Exactly the lines below from the line with "Para este tutorial" through the line with "compte pour l’évaluation" must make up the answer, both ends included and pictures left out.

[RECORDS FOR PROCESSING]:
Segment Open
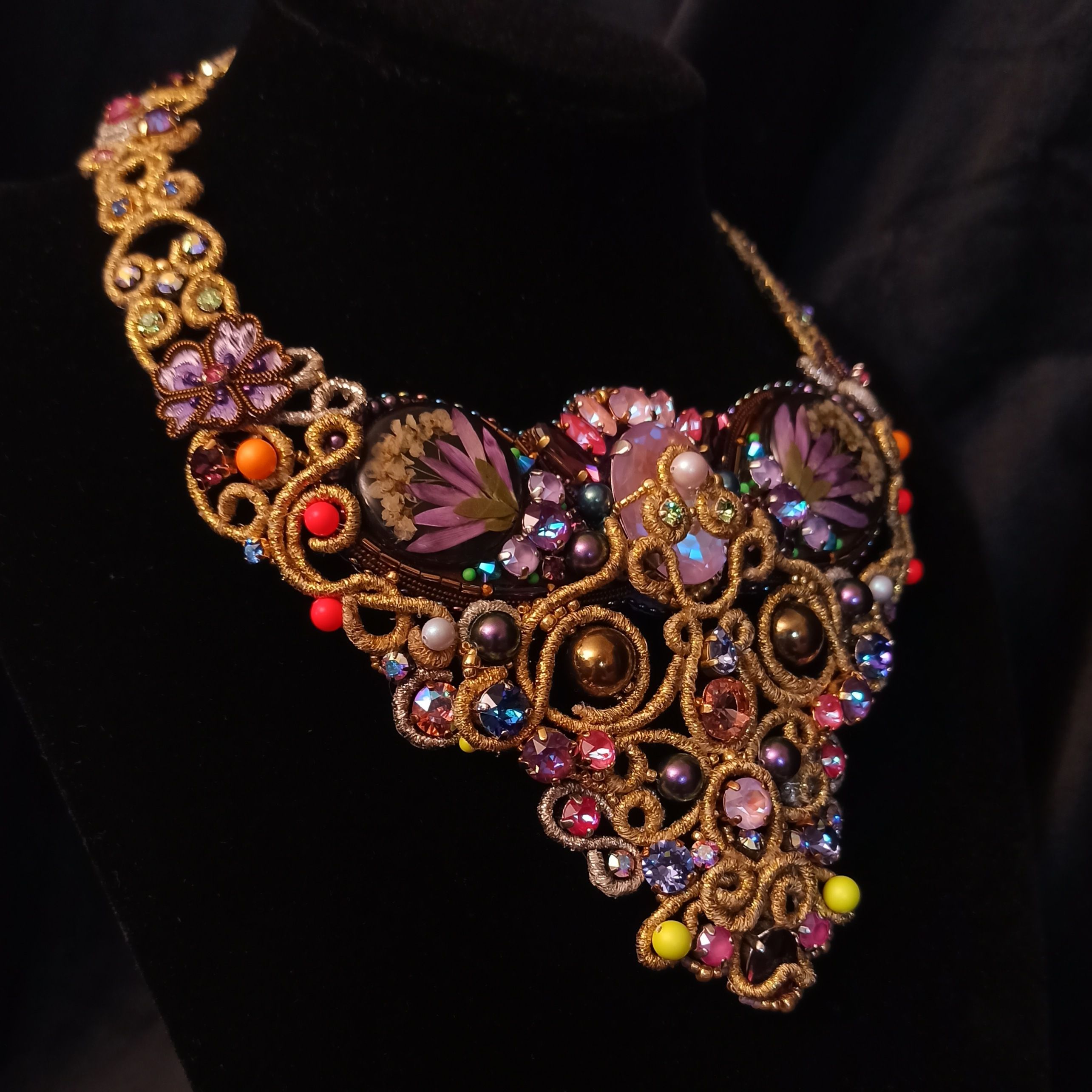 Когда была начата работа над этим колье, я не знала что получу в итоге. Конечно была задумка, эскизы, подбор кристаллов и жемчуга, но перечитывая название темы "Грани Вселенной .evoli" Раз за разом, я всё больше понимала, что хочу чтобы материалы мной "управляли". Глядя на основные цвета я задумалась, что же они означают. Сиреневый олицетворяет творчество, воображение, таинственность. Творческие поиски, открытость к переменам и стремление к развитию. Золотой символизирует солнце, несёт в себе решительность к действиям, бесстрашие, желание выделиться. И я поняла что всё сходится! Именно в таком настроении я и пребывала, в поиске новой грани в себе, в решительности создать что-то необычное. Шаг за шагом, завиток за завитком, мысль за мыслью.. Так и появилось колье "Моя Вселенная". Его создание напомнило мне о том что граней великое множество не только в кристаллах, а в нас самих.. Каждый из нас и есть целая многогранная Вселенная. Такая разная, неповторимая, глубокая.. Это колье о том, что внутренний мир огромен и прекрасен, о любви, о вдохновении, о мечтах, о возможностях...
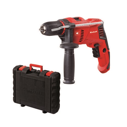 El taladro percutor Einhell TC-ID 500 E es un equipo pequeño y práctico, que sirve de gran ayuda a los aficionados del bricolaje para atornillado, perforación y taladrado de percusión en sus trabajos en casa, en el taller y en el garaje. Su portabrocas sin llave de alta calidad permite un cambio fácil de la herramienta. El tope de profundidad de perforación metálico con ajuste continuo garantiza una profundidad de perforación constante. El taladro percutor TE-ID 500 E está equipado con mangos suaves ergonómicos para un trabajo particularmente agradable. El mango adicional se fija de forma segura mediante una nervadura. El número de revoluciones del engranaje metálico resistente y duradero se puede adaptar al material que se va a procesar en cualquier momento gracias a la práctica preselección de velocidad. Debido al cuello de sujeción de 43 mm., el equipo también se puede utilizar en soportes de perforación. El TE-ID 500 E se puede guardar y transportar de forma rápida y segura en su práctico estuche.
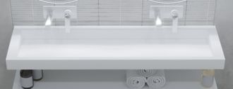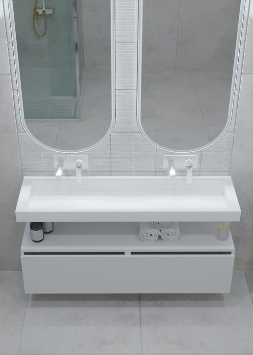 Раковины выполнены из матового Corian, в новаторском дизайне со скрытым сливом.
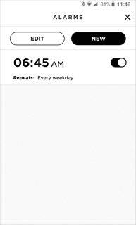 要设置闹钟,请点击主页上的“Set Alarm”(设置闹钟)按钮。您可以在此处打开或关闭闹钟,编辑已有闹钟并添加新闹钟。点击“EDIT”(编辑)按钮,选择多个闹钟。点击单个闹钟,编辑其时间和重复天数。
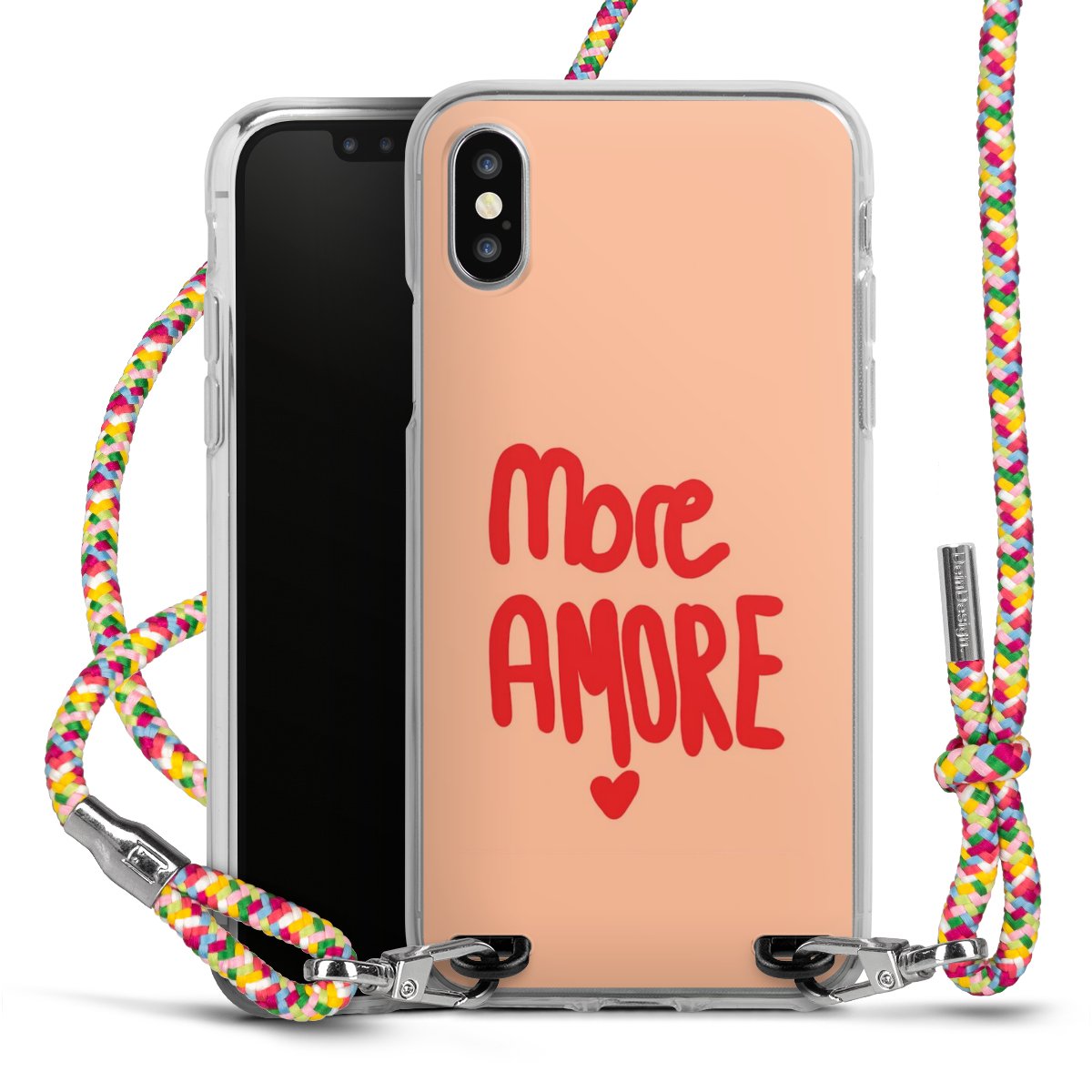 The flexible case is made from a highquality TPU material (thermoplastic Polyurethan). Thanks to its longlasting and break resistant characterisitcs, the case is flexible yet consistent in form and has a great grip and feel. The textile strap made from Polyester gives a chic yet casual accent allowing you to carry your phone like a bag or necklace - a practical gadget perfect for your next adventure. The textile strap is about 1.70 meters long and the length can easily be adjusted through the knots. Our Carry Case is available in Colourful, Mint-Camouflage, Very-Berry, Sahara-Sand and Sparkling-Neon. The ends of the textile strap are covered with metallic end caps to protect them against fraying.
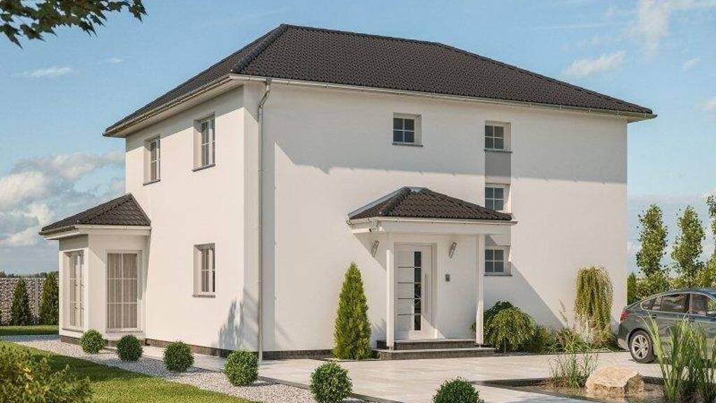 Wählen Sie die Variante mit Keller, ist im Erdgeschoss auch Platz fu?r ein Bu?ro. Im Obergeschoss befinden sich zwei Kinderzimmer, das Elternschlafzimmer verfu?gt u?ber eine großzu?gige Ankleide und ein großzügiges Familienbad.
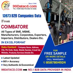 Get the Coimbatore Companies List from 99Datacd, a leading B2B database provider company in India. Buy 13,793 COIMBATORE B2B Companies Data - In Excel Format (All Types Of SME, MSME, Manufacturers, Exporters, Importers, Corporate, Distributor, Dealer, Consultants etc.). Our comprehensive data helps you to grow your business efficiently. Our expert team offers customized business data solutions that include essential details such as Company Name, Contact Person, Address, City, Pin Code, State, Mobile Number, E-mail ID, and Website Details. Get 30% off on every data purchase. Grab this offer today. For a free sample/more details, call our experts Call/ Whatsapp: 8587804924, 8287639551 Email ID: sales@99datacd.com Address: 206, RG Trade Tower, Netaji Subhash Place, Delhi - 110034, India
Segment Closed
Segment Open
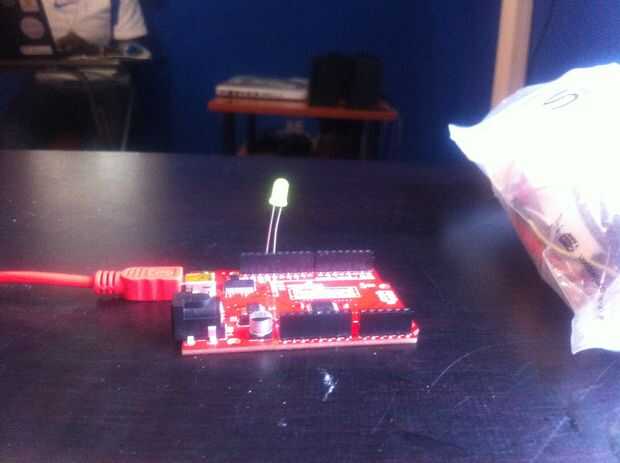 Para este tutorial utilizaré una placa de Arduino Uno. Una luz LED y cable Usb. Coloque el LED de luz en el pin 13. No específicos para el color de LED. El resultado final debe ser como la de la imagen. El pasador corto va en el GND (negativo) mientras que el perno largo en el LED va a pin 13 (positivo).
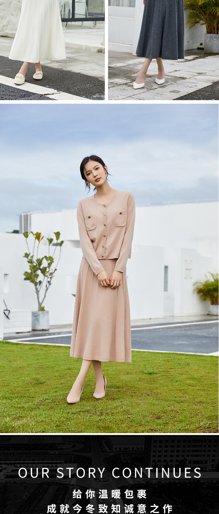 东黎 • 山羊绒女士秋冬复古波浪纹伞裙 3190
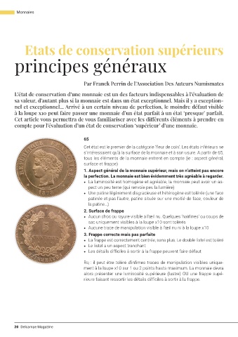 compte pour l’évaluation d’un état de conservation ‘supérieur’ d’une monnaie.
Segment Closed
[EXPECTED OUTPUT]:
 Para este tutorial utilizaré una placa de Arduino Uno. Una luz LED y cable Usb. Coloque el LED de luz en el pin 13. No específicos para el color de LED. El resultado final debe ser como la de la imagen. El pasador corto va en el GND (negativo) mientras que el perno largo en el LED va a pin 13 (positivo).
 东黎 • 山羊绒女士秋冬复古波浪纹伞裙 3190
 compte pour l’évaluation d’un état de conservation ‘supérieur’ d’une monnaie.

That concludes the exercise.